When he was in office and responsible for protecting us, Al Gore was absent from the war on terror.
As vice president, he was part of an administration that failed to respond to the first attack on the World Trade Center in 1993; that cut and ran when Al Qaeda ambushed US Army Rangers in Mogadishu; that called for regime change in Iraq when Saddam expelled the UN weapons inspectors but then failed to remove Saddam or to get him to allow the UN inspectors back in; that failed to respond to the murder of U.S. troops in Saudi Arabia or the attack on an American warship in Yemen; that reacted to the blowing up two U.S. embassies in Africa by firing missiles at an aspirin factory in the Sudan and empty tents in Afghanistan; that refused to kill or capture Osama bin Laden when it had a dozen chances to do so; and that did not put in place simple airport security measures, its own task force recommended, that would have prevented 9/11.
In short, to every act of war against the United States during the 1990’s, the Clinton-Gore response was limp-wristed and supine. And worse. By refusing to concede a lost presidential election, thereby breaking a hundred-year tradition, Gore delayed the transition to the new administration that would have to deal with the terrorist threat. As a result of the two-month delay, the comprehensive anti-terror plan that Bush ordered on taking office (the Clinton-Gore team had none) did not arrive on his desk until the day before the 9/11 attack.
Yet it is characteristic of Gore’s myopic arrogance that he would wag his finger at the Bush administration for its failure to anticipate the 9/11 attack. “It is useful and important to examine the warnings the administration ignored,” Gore writes in his self-referentially titled new book, The Assault on Reason.
Like his Democratic colleagues, Gore sees himself as a restorer of “reason” to an America that is on its way to perdition thanks to the serpent in the Rose Garden. According to Gore, Bush is the arch deceiver: “Five years after President Bush made his case for an invasion of Iraq, it is now clear that virtually all the arguments he made were based on falsehoods.”
The First Big Bush Lie, according to Gore, is that the Bush administration went to war to remove Saddam Hussein’s WMD or, as he puts it: “The first rationale presented for the war was to destroy Iraq’s weapons of mass destruction.”
This familiar Democratic claim is itself probably the biggest lie of the Iraq War, rather than anything the president or his administration has said.

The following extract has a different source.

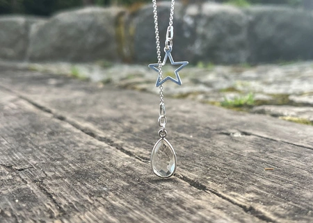 Materiał: kryształ górski, srebro próby 925, detal ze stali nierdzewnej
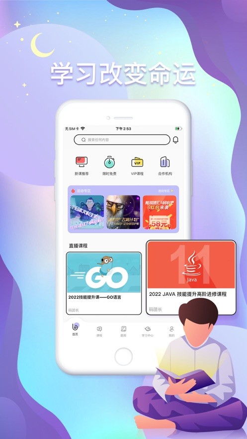 CoderBar码农吧app最新版主要提供it方面的职业培训服务,这里有免费课和vip课程,用户可以在线看直播课进行学习,不管你是有基础还是小白用户,这里都能找到你需要的课程,还有超多题库资源可供刷题巩固,能查看详细的已购直播和录播课程。

In fact, the first – and last – rationale presented for the war by the Bush administration in every formal government statement about the war was not the destruction of WMD but the removal of Saddam Hussein, or regime change.
This regime change was necessary because Saddam was an international outlaw. He had violated the 1991 Gulf War truce and all the arms control agreements it embodied, including UN resolutions 687 and 689, and the 15 subsequent UN resolutions designed to enforce them. The last of these, UN Security Council Resolution 1441, was itself a war ultimatum to Saddam giving him “one final opportunity” to disarm – or else. The ultimatum expired on December 7, 2002, and America went to war three months later.
Contrary to everything that Al Gore and other Democrats have said for the last four years, Saddam’s violation of the arms control agreements that made up the Gulf War truce – and not the alleged existence of Iraqi WMD – was the legal, moral and actual basis for sending American troops to Iraq.
Al Gore and Bill Clinton had themselves called for the removal of Saddam by force when he expelled the UN weapons inspectors in 1998, a clear violation of the Gulf truce. This was the reason Clinton and Gore sent an “Iraqi Liberation Act” to Congress that year; it is why the congressional Democrats voted in October 2002 to authorize the president to use force to remove him; and it is the reason the entire Clinton-Gore national security team, including the Secretary of State, the Secretary of Defense and the Director of Central Intelligence, supported Bush when he sent American troops into Iraq in March 2003.